|
реакции. И дирекция Императорских театров, и большая часть артистов относились
настороженно к утверждению Фокиным новых форм балетных спектаклей. Казалось,
что Дягилев дал полную свободу балетмейстеру. Но Дягилев в условиях заграничных
гастролей склонялся к малым, одноактным балетам, миниатюрам. По этому пути
коротких спектаклей пошел и Фокин.
Федор Васильевич Лопухов, подводя итоги деятельности этих двух крупнейших
хореографов двадцатого века, пишет:
«Было бы ошибкой думать, что Фокин шел по стонам Горского. Не Горский
подсказывал Фокину, что делать, а время больших перемен. Быть может, потому
Горскому и не давались преобразования в такой же мере, как Фокину, что он
выступил раньше своего счастливого соперника на пять лет, когда перемены еще не
вполне назрели. А Фокин был уже подготовлен к ним происходящими событиями… Тем
не менее Горский способствовал расцвету артистических талантов московского
балета».
VIII. Париж — Лондон
Теперь я безбоязненно могу принимать приглашения заграничных импресарио,
считая оценку Москвы и Петербурга вполне достойной, чтобы решиться выступать на
любой сцене Европы и Америки.
Е. Гельцер
Гельцер довольно часто бывала во Франции. И чем ближе знакомилась она с
искусством этой страны, с ее людьми, природой, тем большим уважением
проникалась к французам.
Когда она впервые поднялась на Эйфелеву башню, у нее сердце затрепетало — ей
открылся весь Париж. На правом берегу Сены монументально возвышался Лувр с
двумя раскинувшимися крыльями, Триумфальная арка, площадь Карусель. Неподалеку
от Лувра, в саду Тюильри, она угадала здание музея импрессионизма. А вот и
площади — Согласия и Звезды, прямая стрела Елисейских полей. Она залюбовалась
Иенским мостом и дворцом Шайо — напротив Эйфелевой башни. Левый берег —
балерина знала его но открыткам и альбомам с видами Парижа. По ассоциации
вспомнились Воробьевы горы: в голубовато-розовой дали белокаменный город с
многочисленными куполами церквей и монастырей, с гибкой лентой Москвы-реки.

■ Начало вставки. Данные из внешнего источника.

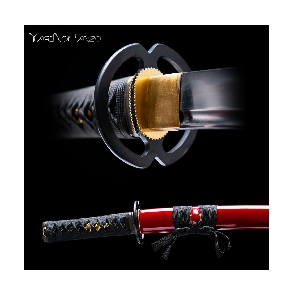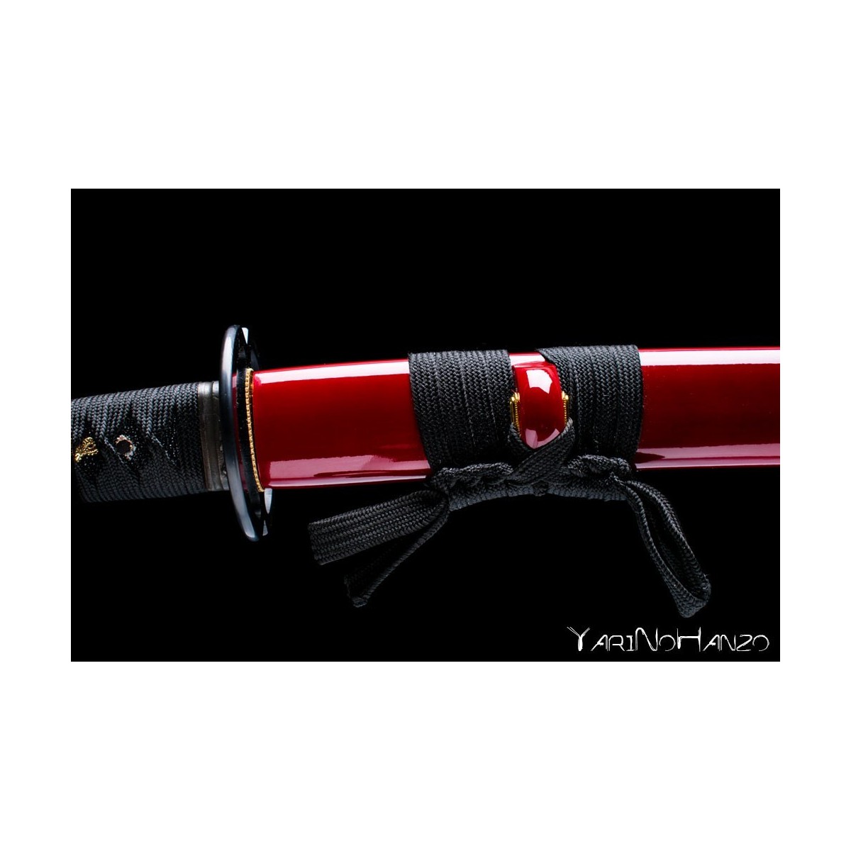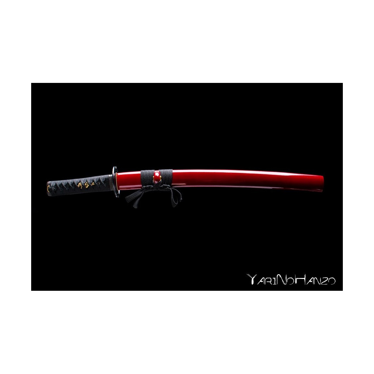 - Deep red lacquered wooden saya, black tsukaito, iron tsuba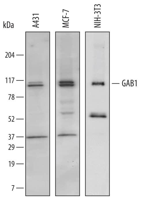 Detection of Human and Mouse GAB1 by Western Blot. Western blot shows lysates of A431 human epithelial carcinoma cell line, MCF-7 human breast cancer cell line, and NIH-3T3 mouse embryonic fibroblast cell line. PVDF membrane was probed with 1 µg/mL of Mouse Anti-Human GAB1 Monoclonal Antibody (Catalog # MAB7077) followed by HRP-conjugated Anti-Mouse IgG Secondary Antibody (Catalog # HAF007). Specific bands were detected for GAB1 at approximately 110 kDa (as indicated). This experiment was conducted under reducing conditions and using Immunoblot Buffer Group 1.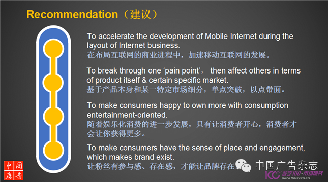最后有一些建议的话,想对今天来的企业代表和广告公司做一些提议,第一,在今天互联网的商业进程中需要加速移动互联网的发展,甚至直接步入移动互联网,移动互联网在城乡一体化差异当中作用已经是非常大了。第二,更多的靠单品实现。第三,今天的年轻人喜欢好玩的,海尔的产品创意没有消费者认为我在做一项工作,认为是一件很好玩的事,甚至帮企业带来一些内容的产出。最后让用户参与,粉丝参与,让他们实实在在参与进来,参与内容创造、参与内容传播,参与产品设计,这样粉丝才会让你品牌存在。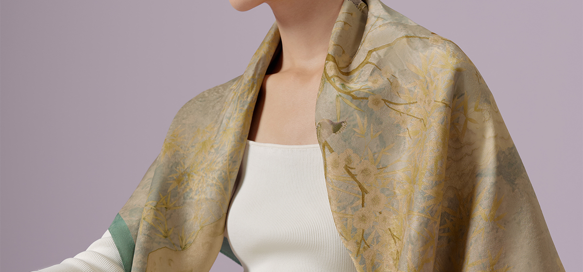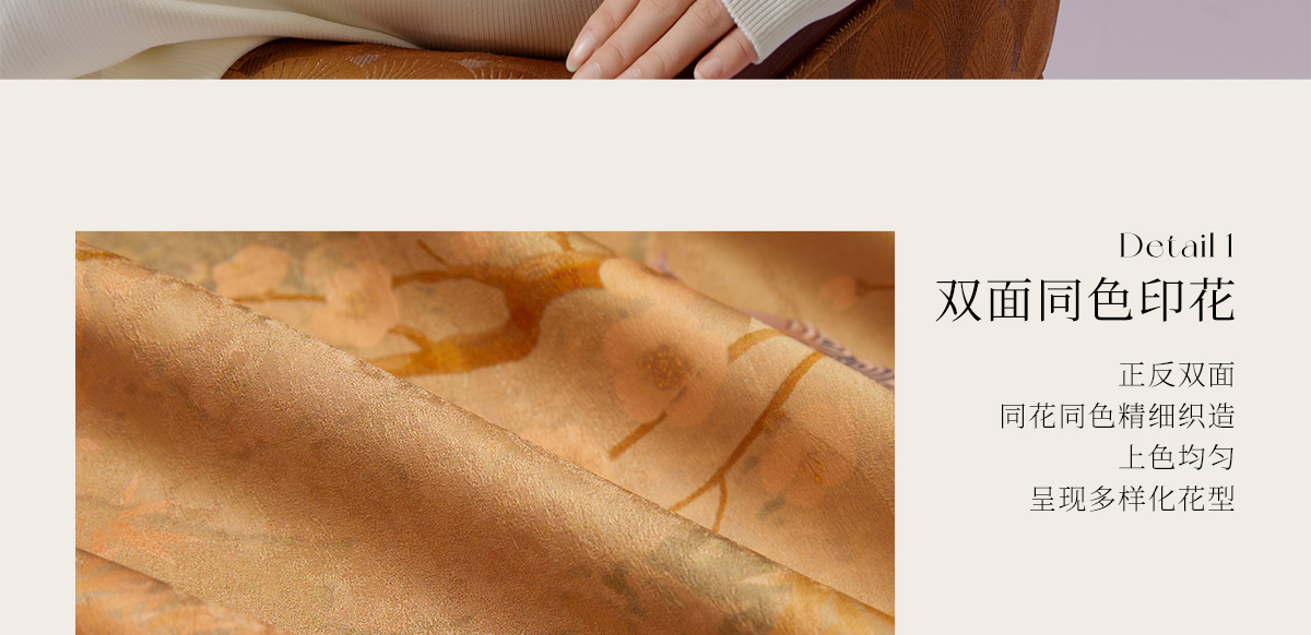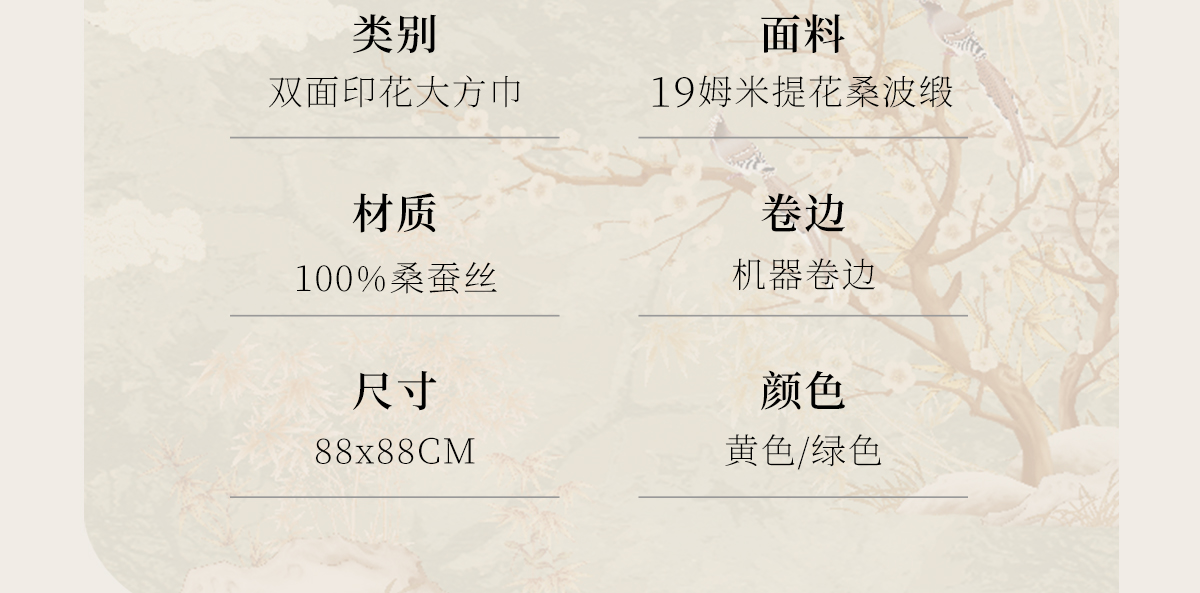 万事利“雀枝锦”88厘米GB双面印花大方巾
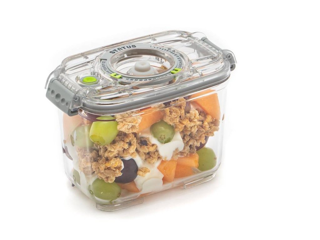 - Kľúčové vlastnosti: skvelé na marinovanie mäsa (vákuum otvára póry a marináda ľahšie a rýchlejšie preniká do hĺbky), manuálne nastavenie dátumu uloženia potravín – máte stály prehľad o čerstvosti potravín, zelený indikátor vákua pre rýchlu kontrolu odsatia vzduchu v nádobe, perfektné na krabičkovú diétu aj nosenie jedla do práce – všetko si pripravíte doma na niekoľko dní dopredu a máte 100% prehľad o nutričnej hodnote svojho jedla, vákuum predĺžuje životnosť potravín až 4-násobne (spomaľuje sa tvorba oxidácie, histamínu, množenie bakterií a plesní, zachovávajú sa vitamíny a minerály)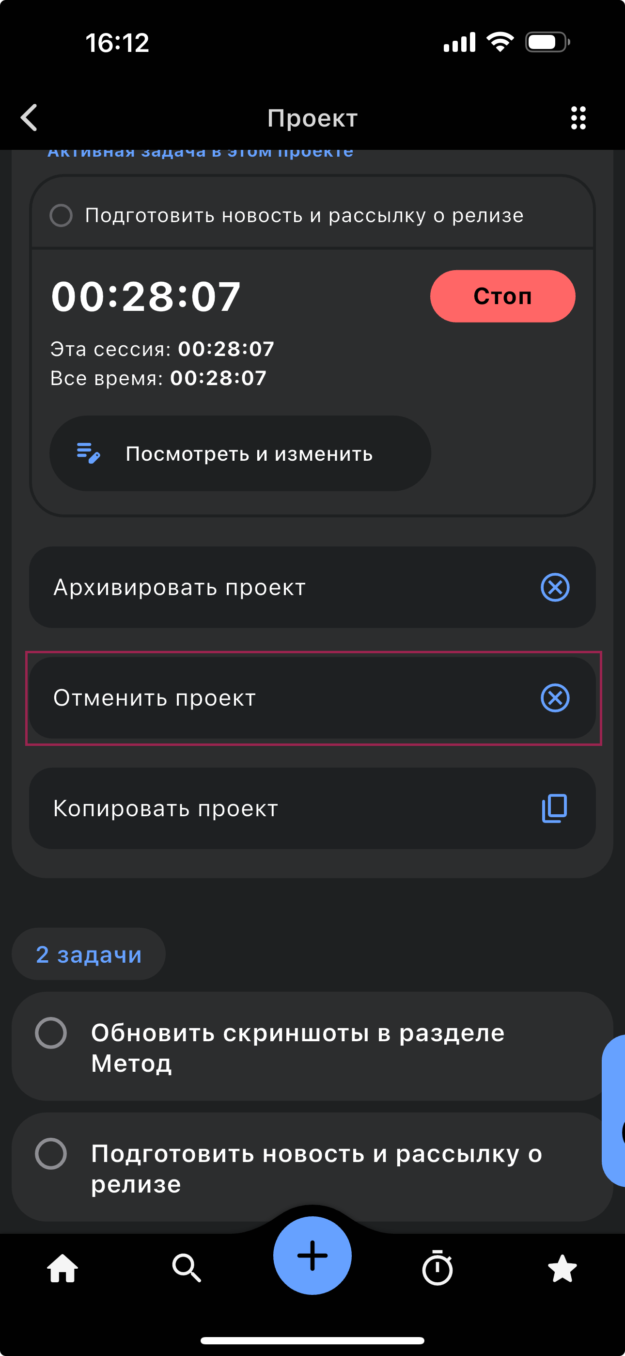 Новые функции: копирование, отмена и архивация проектов и задач.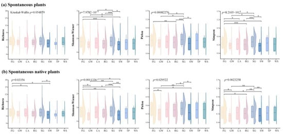 Diversity indices of several spontaneous plant species on various types of habitats. Note: *** p < 0.001; ** p < 0.01; * p < 0.05. FG: forest gap; GW: gravel wasteland; LA: lawn; RG: road gap; SG: scrub gap; SW: soil wasteland; TP: tree pool; WS: water side.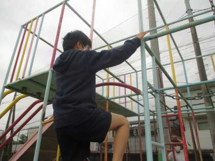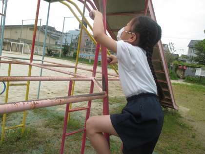 2年生は初めて,そのほかの学年は1年ぶりに使うので,改めて三点支持についての話をしました。話を聞いて安全に使うことができました。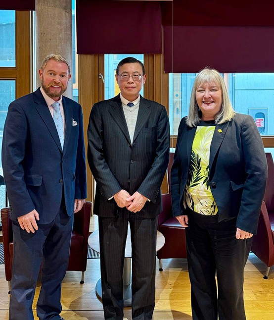 丁總領事志華與蘇格蘭議會友台小組共同主席Rhoda Grant及Jamie Greene餐敘,感謝他們從2021年擔任蘇格蘭議會友台小組共同主席至今對台灣的支持與友誼。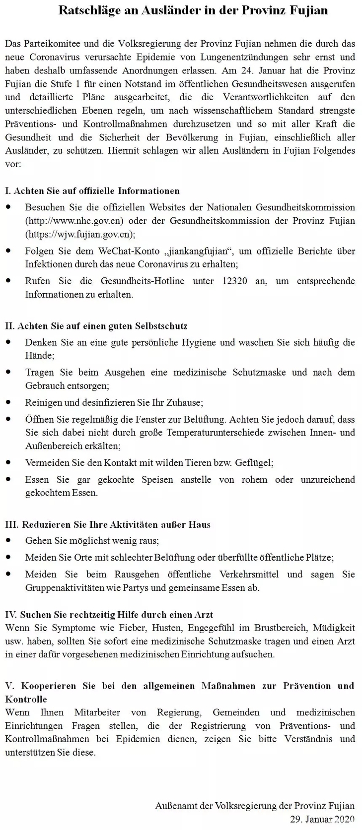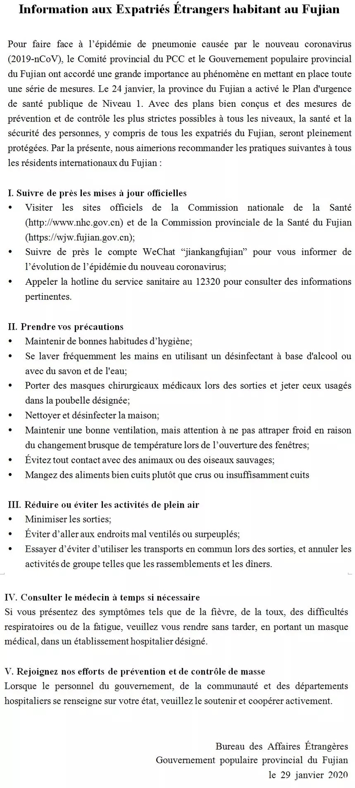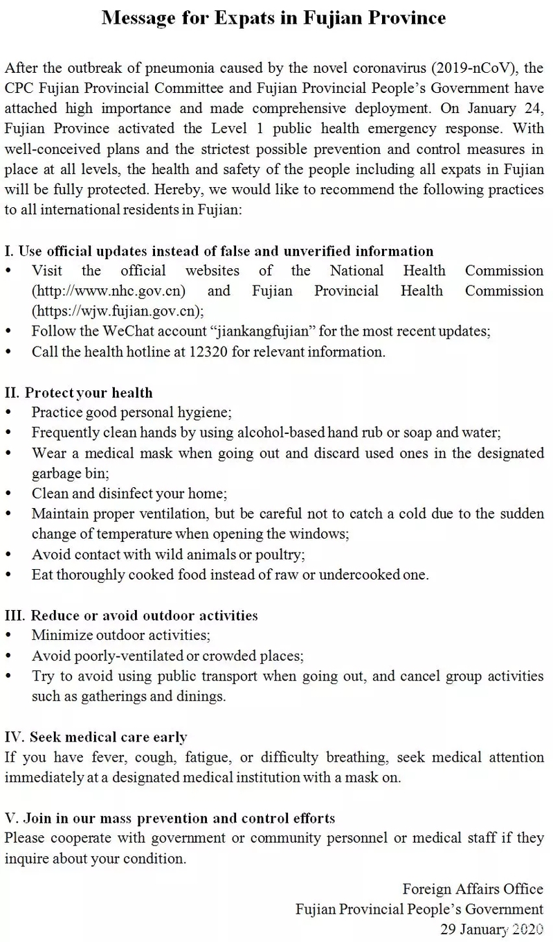 针对近期新型冠状病毒感染的肺炎疫情,福建省委、省政府高度重视,统一部署,已于1月24日启动了重大突发公共卫生事件一级响应,制定周密方案,层层压实责任,确保最严格的科学防控措施落实到位,全力维护人民群众包括在闽外籍人士健康安全。在此,我办谨向在闽外籍人士提出如下倡议:

Москва стоит на семи холмах! Если долго всматриваться в даль, можно увидеть
кремлевские стены и колокольню Ивана Великого, а левее — у Каменного моста —
устроился на зеленом холме Дом Пашкова. Вспомнилась балерине и первая
петербургская весна с острым волнующим запахом тающего снега и крепкого ветра с
залива, луч Невского проспекта, улица Росси… Как хорошо, что человек не может
проходить равнодушно мимо красоты. Она рождает вдохновение, она помогает
выстоять в трудные часы испытаний.
Красота, правда! Для Гельцер то были не просто слова или философские понятия.
С детской непосредственностью, а это качество сохранилось в Екатерине
Васильевне до последних дней ее жизни, она однажды призналась Марии Федоровне
Андреевой в том, что красота завораживает ее. Они возвращались из Германии.
Гельцер зашла в купе Марии Федоровны, весело рассказала ей о встречах со
старыми знакомыми в Берлине и вдруг остановилась, внимательно разглядывая
Андрееву.
— Ах, какая вы красивая! — непроизвольно вырвалось у балерины. — В
«Эсмеральде» и я красивая. После спектакля мне даже не хотелось снимать грим. Я
подолгу сидела перед зеркалом и все смотрела, смотрела на себя, говоря: «Я
красивая, я очень красивая…»
Артистка обладала удивительной способностью не забывать ничего из когда-то
пережитого. Как копилка, хранила эта память картины детства, юности, минуты
горя и высокой радости. И, будто по знаку волшебной палочки, в нужный момент —
на сцене ли, при встрече со знакомым или в чужом, нерусском городе — вдруг
вспыхивало пережитое ярко и остро.
Гельцер нравилось, когда позволяло время, бродить по старинным узким улочкам
Парижа. Не обходила стороной и театрики на Монмартре. Смотрела знаменитую
французскую артистку Габриель Режан в ее театре в пьесах «Нора» и «Мадам
Санжен». Какая утонченная грация в ее игре, какая человечность! С удовольствием
слушала в кабаре Мирлитон и песенки знаменитого шансонье Аристида Брюана. Он
знал жизнь парижской бедноты, и о них были его куплеты. Ее умиляло обилие на
улицах Парижа продавщиц цветов, в их плетеных корзинах были и левкои, и розы, и
скромные маргаритки. Она заходила и в дешевые кабачки, и в фешенебельные
рестораны и не переставала удивляться диалектике жизни — прекрасное и
ординарное, высокое и низкое, радостное и трагическое живут рядом. Смотреть на
другое небо, слышать другую, непривычную речь, знакомиться с историей другой
страны — все это Гельцер называла про себя «погружением в иную культуру».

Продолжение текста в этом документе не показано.